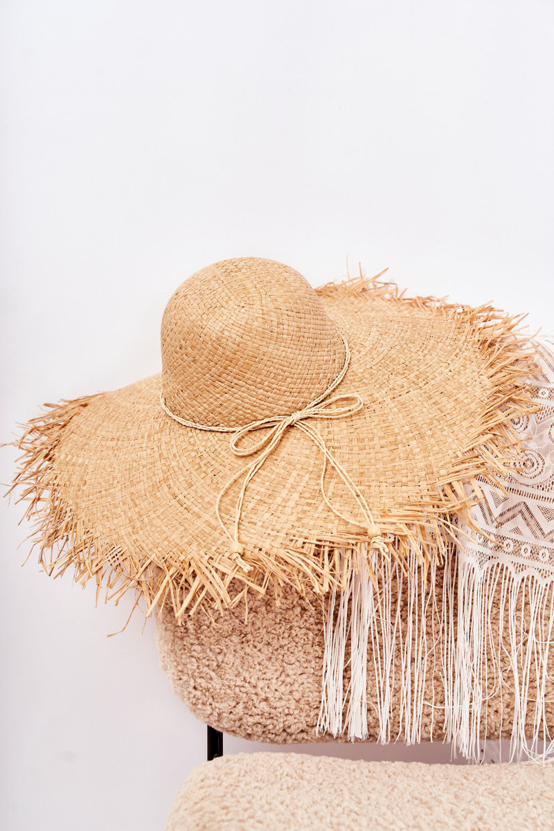 Lehký dámský slaměný klobouk, ideální pro slunečné dny. Výrobek je vyroben ze 100% slámy. Klobouk má slaměný pásek s mašličkou na konci které jsou ozdobné korálky. Okraje kruhového objezdu jsou zubaté. Čepici využijete na dovolené v horkých dnech. Nezapomeňte se podívat na celou naši kolekci klobouků!
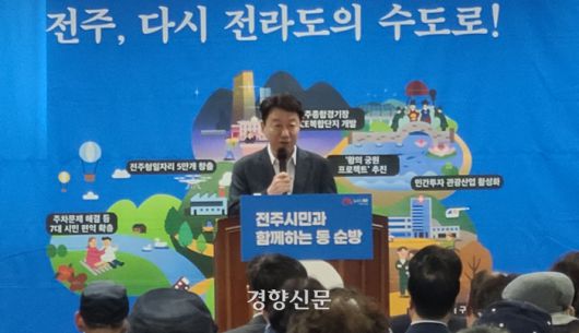 우범기 전북 전주시장이 11일 호성동 주민센터를 찾아 ‘주민과의 대화’를 하고 있다. 김창효 선임기자 |
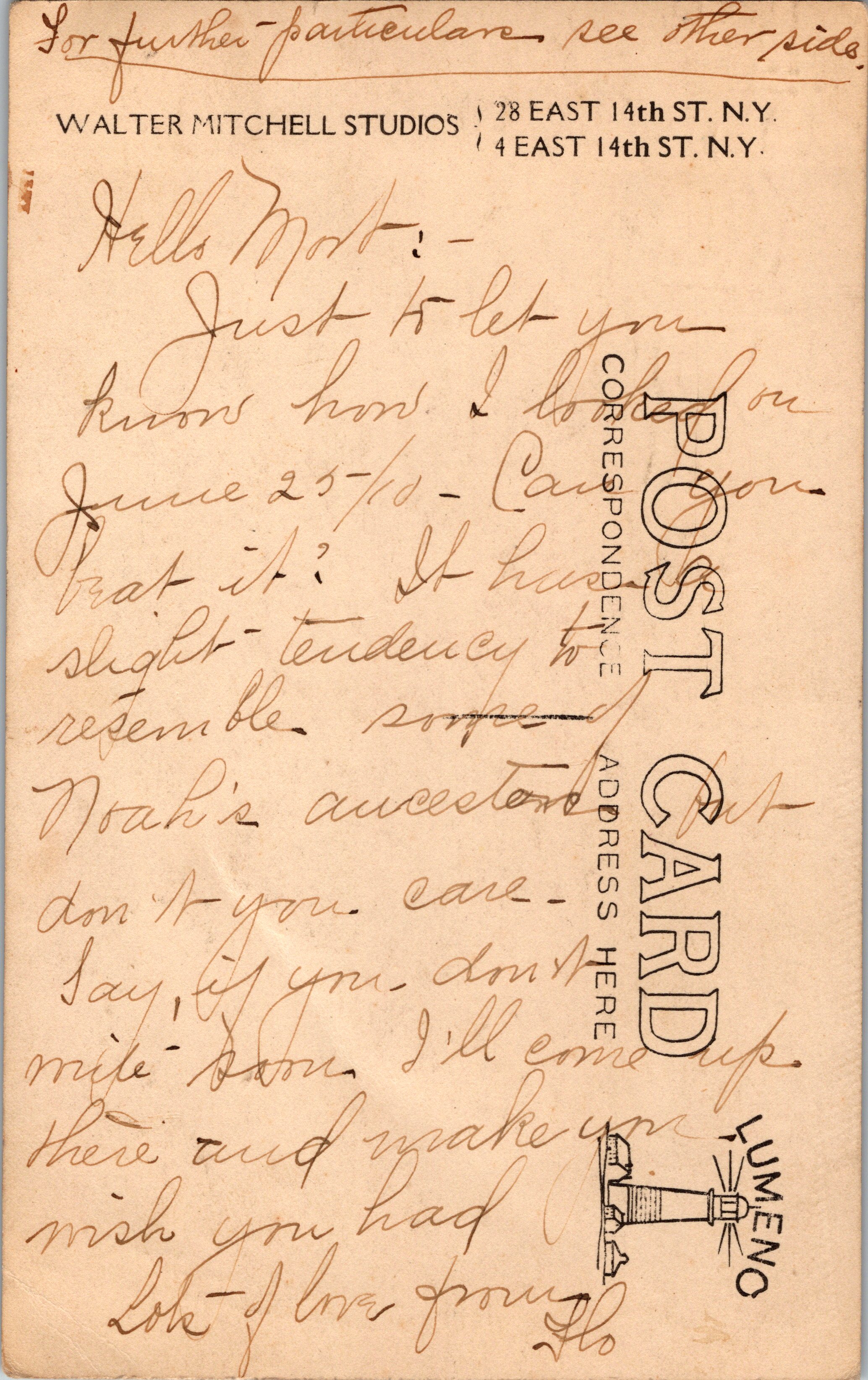 This vintage real photo postcard features a portrait of a young woman named Flo. She is sending this photograph to a friend, with a message that states that this is “how I looked on June 25th, 1910”. This photo was taken at the Walter Mitchell Studio, located on East 14th Street in New York City. The card has a Lumeno stamp box with a lighthouse logo. (SOLD)
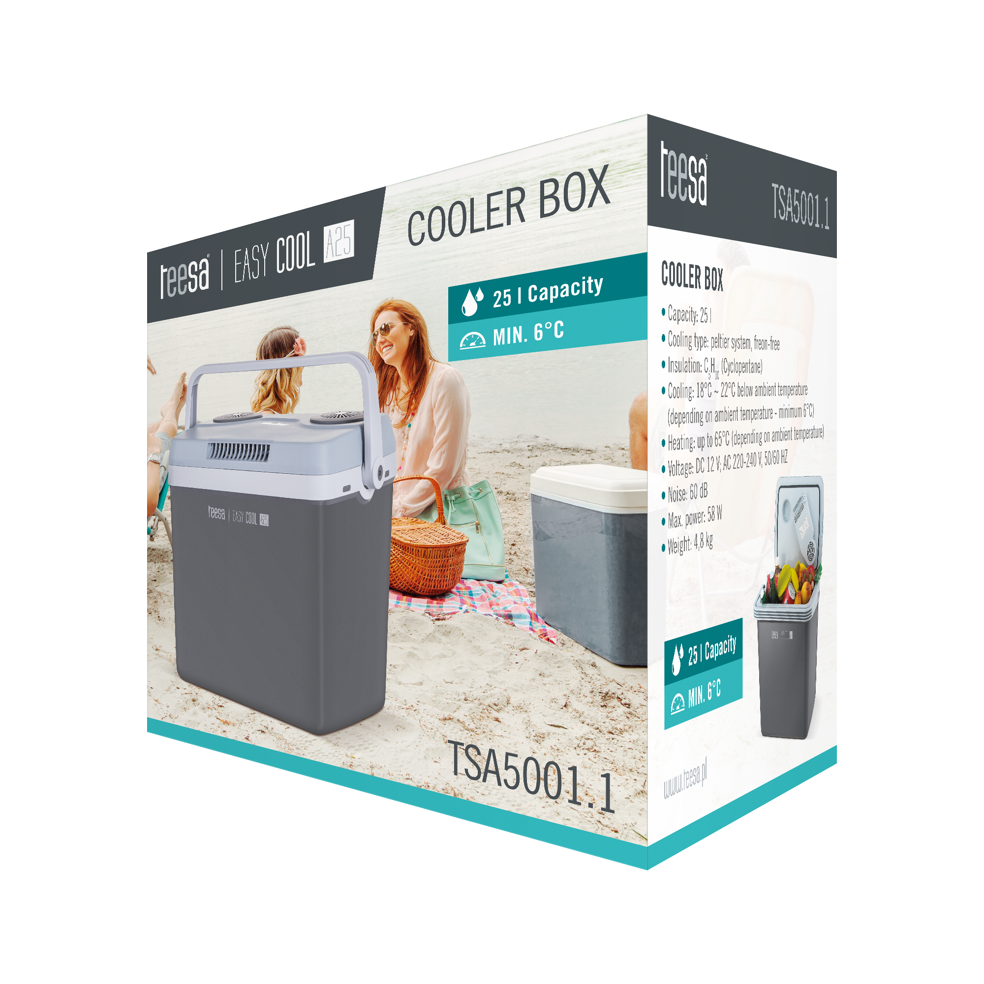 Ви думаєте, який туристичний холодильник купити? Teesa EASY COOL A25 – ідеальний продукт як для спекотних літніх днів, так і для зимових подорожей. Він дозволяє, залежно від зовнішніх умов, охолоджувати їжу до 6°C або розігрівати до +65°C. Тому це ідеальний пристрій для охолодження їжі під час літнього пікніка, а також для зберігання гарячих напоїв під час зимових розваг.
◇ ◇ ◇
> _EXERCISE_
Give all the lines above again, character for character, without pictures.

> _TASK SOLUTION_
 Lehký dámský slaměný klobouk, ideální pro slunečné dny. Výrobek je vyroben ze 100% slámy. Klobouk má slaměný pásek s mašličkou na konci které jsou ozdobné korálky. Okraje kruhového objezdu jsou zubaté. Čepici využijete na dovolené v horkých dnech. Nezapomeňte se podívat na celou naši kolekci klobouků!
 우범기 전북 전주시장이 11일 호성동 주민센터를 찾아 ‘주민과의 대화’를 하고 있다. 김창효 선임기자 |
 This vintage real photo postcard features a portrait of a young woman named Flo. She is sending this photograph to a friend, with a message that states that this is “how I looked on June 25th, 1910”. This photo was taken at the Walter Mitchell Studio, located on East 14th Street in New York City. The card has a Lumeno stamp box with a lighthouse logo. (SOLD)
 Ви думаєте, який туристичний холодильник купити? Teesa EASY COOL A25 – ідеальний продукт як для спекотних літніх днів, так і для зимових подорожей. Він дозволяє, залежно від зовнішніх умов, охолоджувати їжу до 6°C або розігрівати до +65°C. Тому це ідеальний пристрій для охолодження їжі під час літнього пікніка, а також для зберігання гарячих напоїв під час зимових розваг.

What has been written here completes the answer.